*WORK REQUIRED:*
Skip the pictures. Output only the lines below starting at the line with "灌木,高1~4米。根通常单一" and ending at the line with "В наименования с", both ends included, exactly as they are.

*ENTRIES SHOWN:*

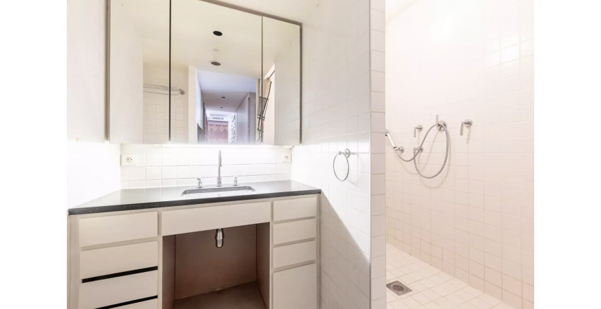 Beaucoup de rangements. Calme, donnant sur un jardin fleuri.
...
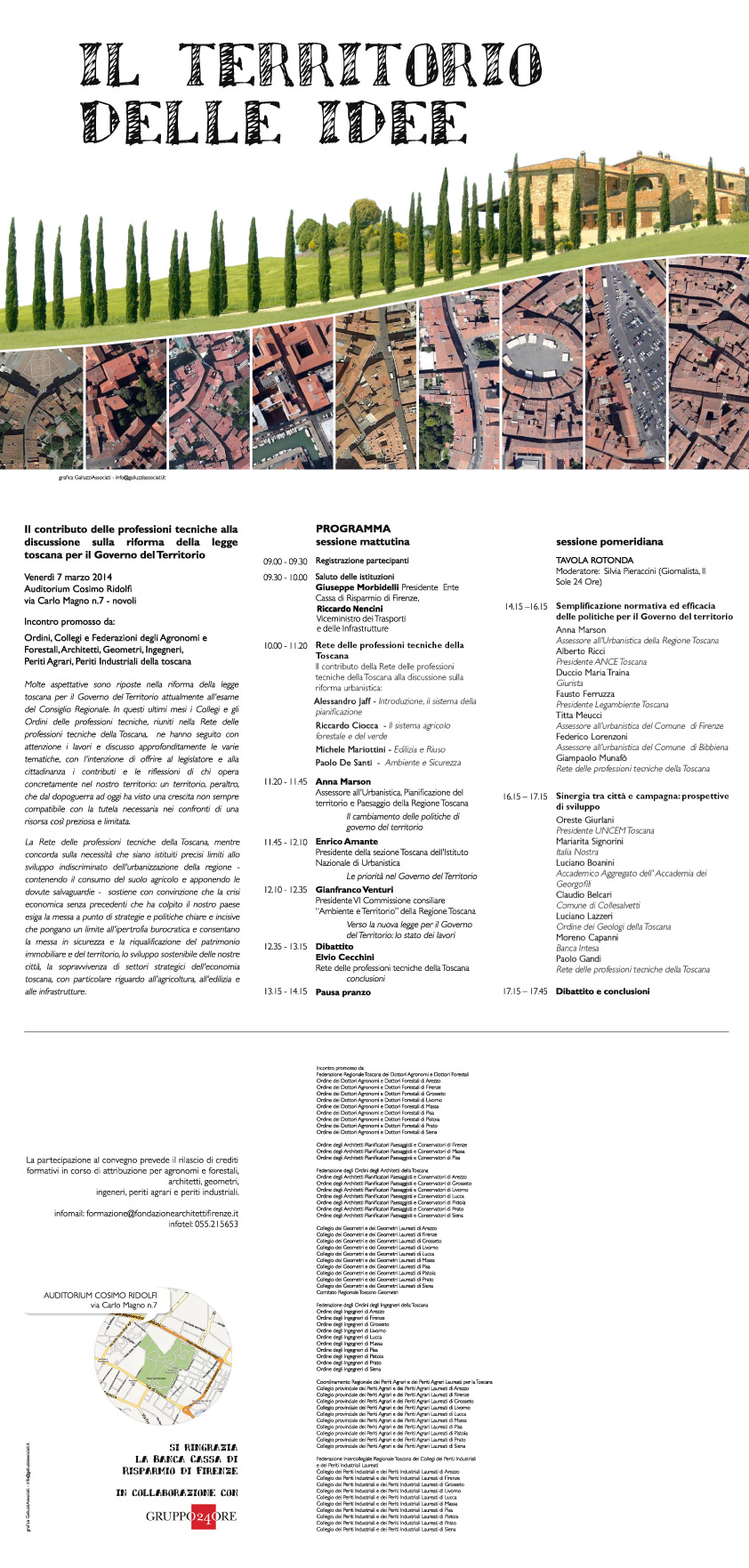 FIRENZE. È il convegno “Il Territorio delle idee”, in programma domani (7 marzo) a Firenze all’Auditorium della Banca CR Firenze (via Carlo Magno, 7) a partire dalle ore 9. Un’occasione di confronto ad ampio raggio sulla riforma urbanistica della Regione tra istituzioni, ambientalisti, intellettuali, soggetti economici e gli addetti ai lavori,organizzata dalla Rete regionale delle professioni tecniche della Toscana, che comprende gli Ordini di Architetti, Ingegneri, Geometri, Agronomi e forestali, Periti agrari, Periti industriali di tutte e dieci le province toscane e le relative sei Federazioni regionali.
---
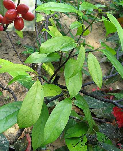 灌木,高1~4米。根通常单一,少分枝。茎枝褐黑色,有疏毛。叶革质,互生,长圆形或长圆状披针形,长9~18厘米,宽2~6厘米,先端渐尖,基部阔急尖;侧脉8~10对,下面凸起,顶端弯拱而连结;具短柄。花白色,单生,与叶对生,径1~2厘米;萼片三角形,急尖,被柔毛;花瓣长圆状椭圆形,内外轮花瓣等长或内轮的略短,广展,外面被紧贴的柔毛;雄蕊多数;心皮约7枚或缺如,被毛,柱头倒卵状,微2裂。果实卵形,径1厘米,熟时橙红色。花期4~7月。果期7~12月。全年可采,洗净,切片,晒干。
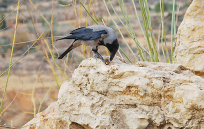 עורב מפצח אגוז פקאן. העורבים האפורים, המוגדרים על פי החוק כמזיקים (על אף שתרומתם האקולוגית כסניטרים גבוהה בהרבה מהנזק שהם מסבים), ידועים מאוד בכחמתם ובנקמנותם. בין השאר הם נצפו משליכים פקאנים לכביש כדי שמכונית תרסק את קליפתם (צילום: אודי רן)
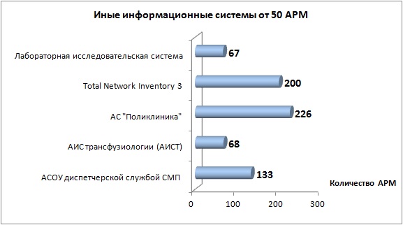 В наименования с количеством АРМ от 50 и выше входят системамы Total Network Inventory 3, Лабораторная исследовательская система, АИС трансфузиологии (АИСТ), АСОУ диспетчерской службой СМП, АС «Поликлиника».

*EXERCISE RESULT:*
 灌木,高1~4米。根通常单一,少分枝。茎枝褐黑色,有疏毛。叶革质,互生,长圆形或长圆状披针形,长9~18厘米,宽2~6厘米,先端渐尖,基部阔急尖;侧脉8~10对,下面凸起,顶端弯拱而连结;具短柄。花白色,单生,与叶对生,径1~2厘米;萼片三角形,急尖,被柔毛;花瓣长圆状椭圆形,内外轮花瓣等长或内轮的略短,广展,外面被紧贴的柔毛;雄蕊多数;心皮约7枚或缺如,被毛,柱头倒卵状,微2裂。果实卵形,径1厘米,熟时橙红色。花期4~7月。果期7~12月。全年可采,洗净,切片,晒干。
 עורב מפצח אגוז פקאן. העורבים האפורים, המוגדרים על פי החוק כמזיקים (על אף שתרומתם האקולוגית כסניטרים גבוהה בהרבה מהנזק שהם מסבים), ידועים מאוד בכחמתם ובנקמנותם. בין השאר הם נצפו משליכים פקאנים לכביש כדי שמכונית תרסק את קליפתם (צילום: אודי רן)
 В наименования с количеством АРМ от 50 и выше входят системамы Total Network Inventory 3, Лабораторная исследовательская система, АИС трансфузиологии (АИСТ), АСОУ диспетчерской службой СМП, АС «Поликлиника».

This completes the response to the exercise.